Google currently holds about a 65% share of the market in the U.S. for search queries; in Europe, their share is reportedly over 85%.

Privacy advocates, who enjoy substantial political and cultural power in Europe, strongly expressed their concerns to the EU Competition Commission as it studied the merger.

“Europe’s approval of the Google-DoubleClick merger is a promising signal that greater ‘comity’ — the respect nations accord to the laws and interests of other nations — is occurring between the U.S. and the EU on antitrust matters,” noted Glenn G. Lammi, Chief Counsel of Washington Legal Foundation’s Legal Studies Division. Since Europe’s rejection of the
General Electric and Honeywell merger in 2001 — a combination of U.S. companies that the U.S. Department of Justice had approved — antitrust officials on both sides of the Atlantic have worked to promote cooperation and comity among competition enforcement officials, especially in merger review.
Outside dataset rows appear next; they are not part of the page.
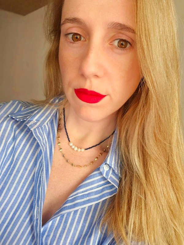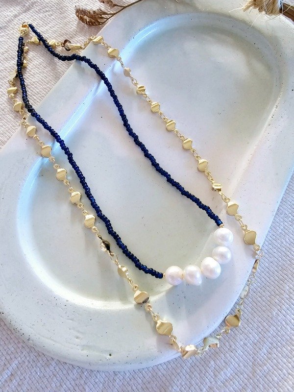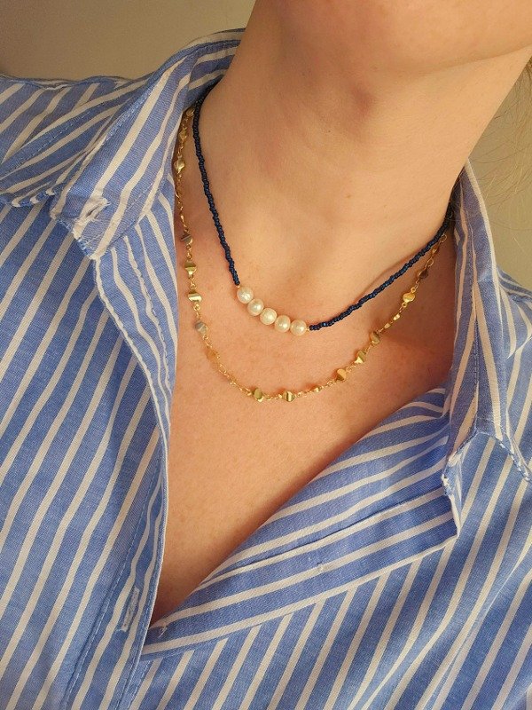 Medida 40 cm, este collar fue pensado para usarlo a la base del cuello y hacer layering con otros collares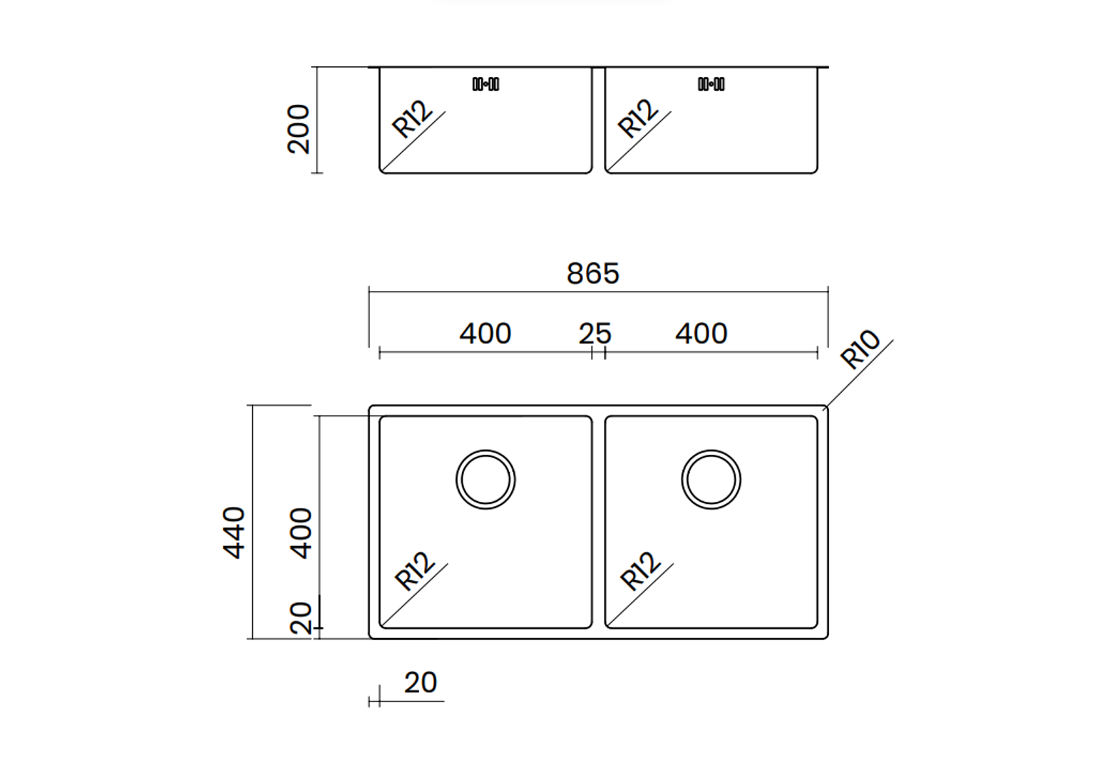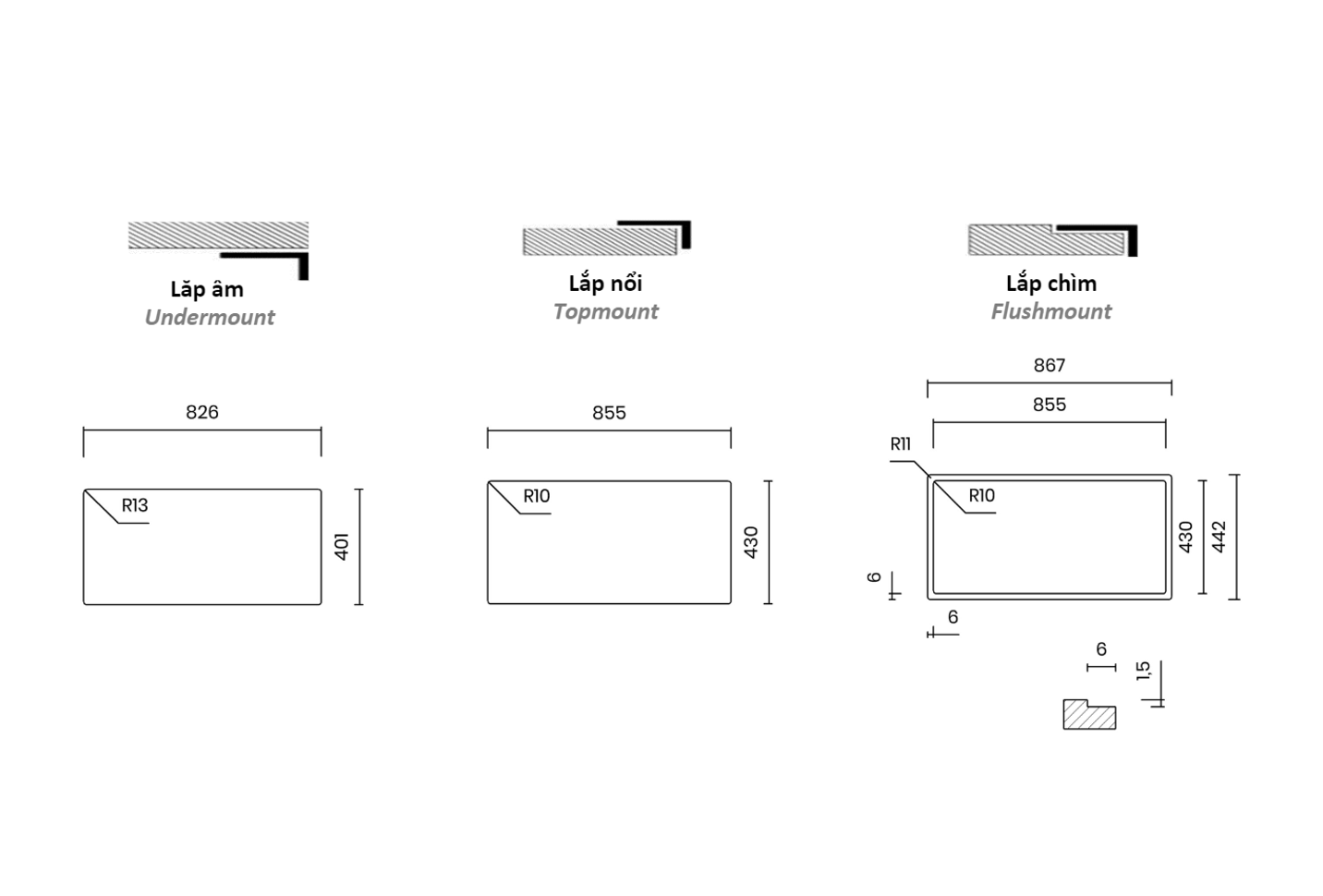 - Kích thước lòng chậu: 2 x 400x400 mm
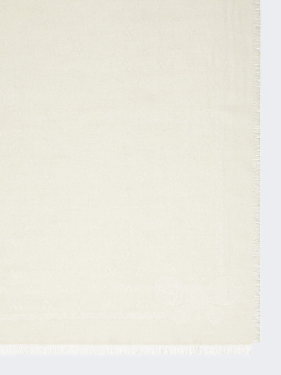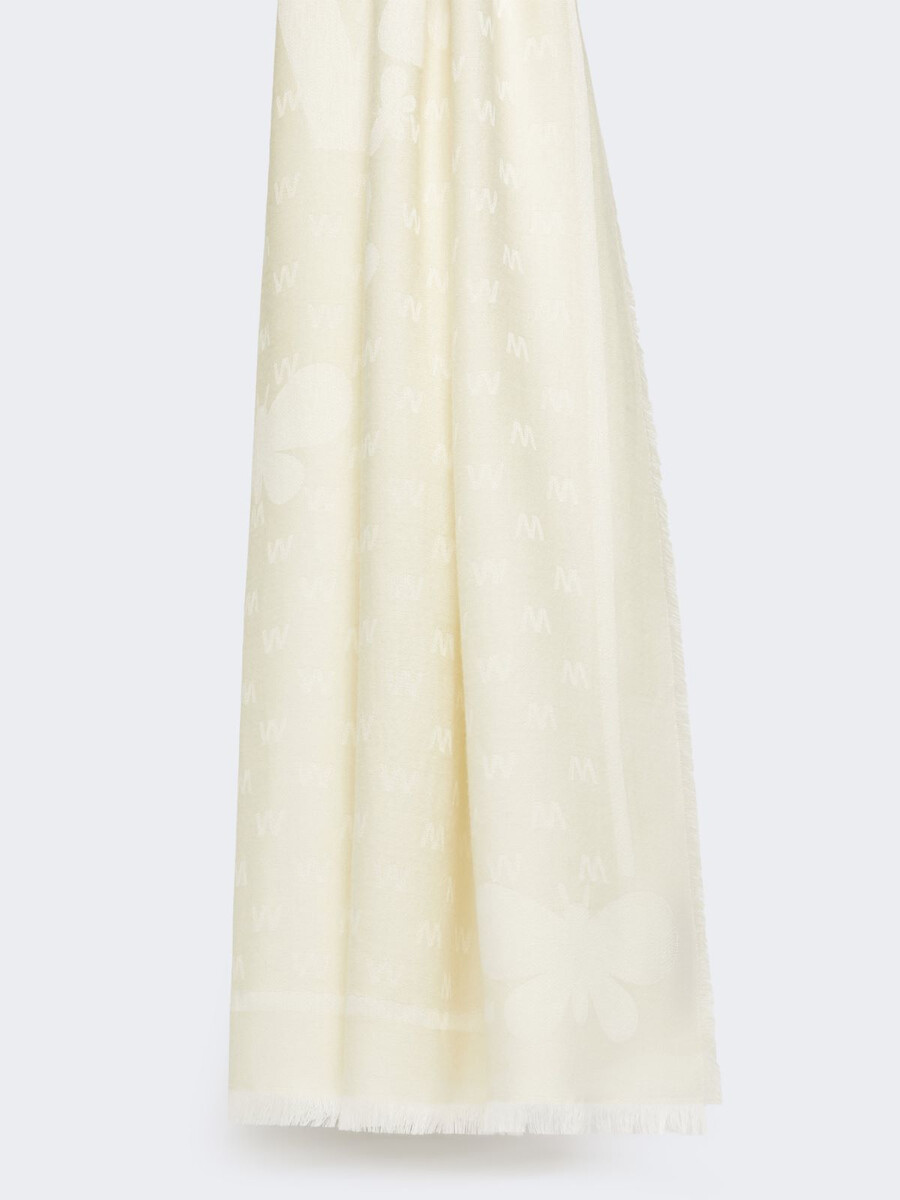 Châle ample orné d’un motif jacquard formant des papillons sur un fond rehaussé d’un logo « W » miniature.

A May 25, 2007 WLF LEGAL BACKGROUNDER by former DOJ Antitrust Division official William Kolasky, describes these efforts and their successes. The paper is available at here.

Given the large market shares of the combining entities, as well as the privacy concerns voiced, Europe’s decision to join the U.S. FTC in approving the merger bodes well for future mergers, especially those involving online commerce.

“One would hope that U.S. and EU antitrust officials will remain in accord on how they review the competition concerns raised in mergers,” Lammi said. He added, “certainly, mergers which provide competition for the new Google-DoubleClick combination, such as that being discussed between Microsoft and Yahoo, will offer interesting further opportunities to apply the principle of international comity.”